Whenever a picture appears, omit it, and set down everything else in the records exactly.
***** GIVEN RECORDS
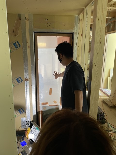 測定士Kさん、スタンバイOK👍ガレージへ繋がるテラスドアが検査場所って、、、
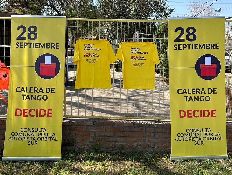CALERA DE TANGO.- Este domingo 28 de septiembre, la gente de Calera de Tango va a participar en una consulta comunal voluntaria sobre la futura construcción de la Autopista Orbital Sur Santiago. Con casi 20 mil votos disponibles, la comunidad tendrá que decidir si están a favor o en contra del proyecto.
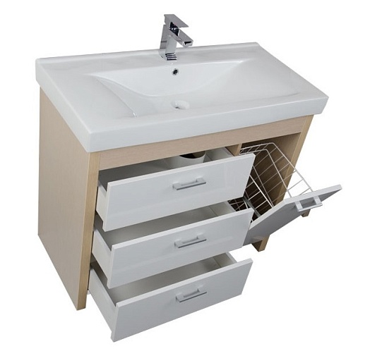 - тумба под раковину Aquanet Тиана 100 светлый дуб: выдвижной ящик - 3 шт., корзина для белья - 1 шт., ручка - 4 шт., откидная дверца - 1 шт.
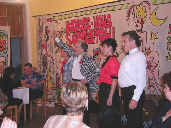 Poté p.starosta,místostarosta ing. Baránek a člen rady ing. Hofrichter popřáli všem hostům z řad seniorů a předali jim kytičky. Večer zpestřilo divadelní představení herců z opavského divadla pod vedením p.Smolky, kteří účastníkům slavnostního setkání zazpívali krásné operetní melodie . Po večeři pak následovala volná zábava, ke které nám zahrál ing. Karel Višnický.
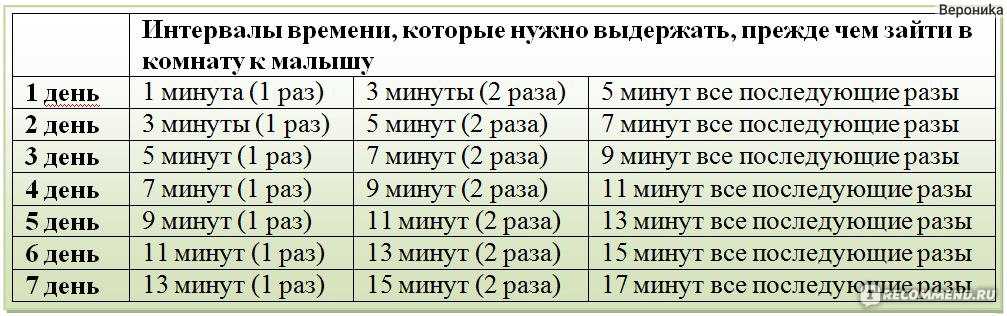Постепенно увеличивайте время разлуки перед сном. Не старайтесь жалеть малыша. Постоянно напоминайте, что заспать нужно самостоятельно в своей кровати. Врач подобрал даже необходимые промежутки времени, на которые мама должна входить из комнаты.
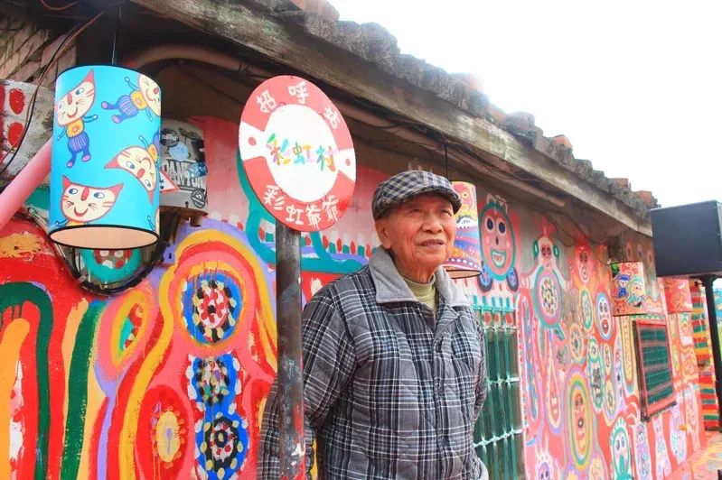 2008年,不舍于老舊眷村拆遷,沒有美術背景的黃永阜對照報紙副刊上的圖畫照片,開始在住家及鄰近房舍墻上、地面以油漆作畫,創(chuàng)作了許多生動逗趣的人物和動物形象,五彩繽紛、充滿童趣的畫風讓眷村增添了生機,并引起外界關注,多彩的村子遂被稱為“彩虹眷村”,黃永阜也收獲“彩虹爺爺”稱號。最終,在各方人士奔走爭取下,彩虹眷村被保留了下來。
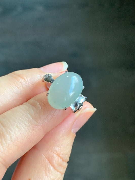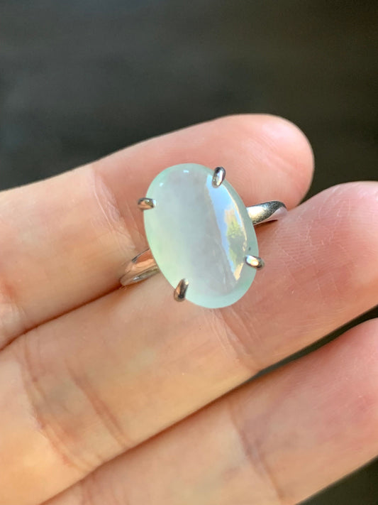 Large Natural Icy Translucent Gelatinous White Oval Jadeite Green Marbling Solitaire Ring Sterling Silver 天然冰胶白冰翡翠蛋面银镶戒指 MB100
**********
WRITTEN RESPONSE:
 測定士Kさん、スタンバイOK👍ガレージへ繋がるテラスドアが検査場所って、、、
CALERA DE TANGO.- Este domingo 28 de septiembre, la gente de Calera de Tango va a participar en una consulta comunal voluntaria sobre la futura construcción de la Autopista Orbital Sur Santiago. Con casi 20 mil votos disponibles, la comunidad tendrá que decidir si están a favor o en contra del proyecto.
 - тумба под раковину Aquanet Тиана 100 светлый дуб: выдвижной ящик - 3 шт., корзина для белья - 1 шт., ручка - 4 шт., откидная дверца - 1 шт.
 Poté p.starosta,místostarosta ing. Baránek a člen rady ing. Hofrichter popřáli všem hostům z řad seniorů a předali jim kytičky. Večer zpestřilo divadelní představení herců z opavského divadla pod vedením p.Smolky, kteří účastníkům slavnostního setkání zazpívali krásné operetní melodie . Po večeři pak následovala volná zábava, ke které nám zahrál ing. Karel Višnický.
Постепенно увеличивайте время разлуки перед сном. Не старайтесь жалеть малыша. Постоянно напоминайте, что заспать нужно самостоятельно в своей кровати. Врач подобрал даже необходимые промежутки времени, на которые мама должна входить из комнаты.
 2008年,不舍于老舊眷村拆遷,沒有美術背景的黃永阜對照報紙副刊上的圖畫照片,開始在住家及鄰近房舍墻上、地面以油漆作畫,創(chuàng)作了許多生動逗趣的人物和動物形象,五彩繽紛、充滿童趣的畫風讓眷村增添了生機,并引起外界關注,多彩的村子遂被稱為“彩虹眷村”,黃永阜也收獲“彩虹爺爺”稱號。最終,在各方人士奔走爭取下,彩虹眷村被保留了下來。
 Large Natural Icy Translucent Gelatinous White Oval Jadeite Green Marbling Solitaire Ring Sterling Silver 天然冰胶白冰翡翠蛋面银镶戒指 MB100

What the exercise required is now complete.